Studies of single gene disorders that exhibit the features of obesity have been a useful model to get the first insights into the genetics of the trait, with initial studies being carried out in rodent models being somewhat fruitful.

The ob/ob mutant mouse strain was described as early as the 1950s,^28,29 exhibiting excess adipose tissue along with impaired reproductive behavior³⁰ and weighing approximately three times more than normal mice by maturity; however, the ob mutation remained elusive for many years; but in 1994 positional cloning was used to identify and characterize the gene.³¹ A 16-kDa secreted protein product is encoded by the leptin gene, derived from the Greek root leptos, meaning thin.³² Interestingly, in another strain of severely obese mice, db/db, a mutation in the leptin receptor gene was identified.³³

Leptin is primarily expressed and secreted by adipocytes, while its receptor is primarily expressed in the hypothalamus³³ and plays a major role in the regulation of food intake, energy balance, and body weight in both rodents and humans.
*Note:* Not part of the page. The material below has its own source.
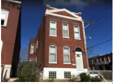
3215 Texas Ave, St. Louis, MO 63118 2 beds, 2 baths, 1,994 sq. ft. - $50,500 (Pending)

In addition, it has been shown in humans that serum leptin concentrations are positively correlated with obesity-related traits.³⁴ After the identification of the leptin gene (lep) in mice, leptin mutations were also found in human patients, including a homozygous reading frame shift, a series of missense mutations and a number of polymorphisms that were associated with obesity.^35–37

In addition, homozygotes for a mutation in the human leptin receptor gene resulting in the skipping exon16, which produces a truncated protein lacking both the transmembrane and the intracellular domains, show impaired growth hormone secretion, early-onset morbid obesity, and failure of pubertal development.³⁸ Furthermore, common leptin receptor polymorphisms have been shown to be associated with obesity in Caucasians.³⁹

Proopiomelanocortin (POMC) is produced by the hypothalamus and plays a role in feeding behavior, with POMC expression being positively regulated by leptin.⁴⁰ A frame shift mutation in the POMC gene has been reported to cause loss of function, resulting in early-onset obesity, adrenal insufficiency, and red hair pigmentation,⁴¹ while other mutations in POMC associated with severe and early onset obesity have been described in two unrelated German individuals.⁴² In addition, a R236G mutation in POMC disrupts proteolytic cleavage sites between the POMC-encoded β-MSH and β-endorphin peptides, and produces an aberrant fusion protein with lower binding affinity to the melanocortin-4 receptor(MC4R),⁴³ a seven-transmembrane G-protein-linked receptor expressed in the hypothalamus.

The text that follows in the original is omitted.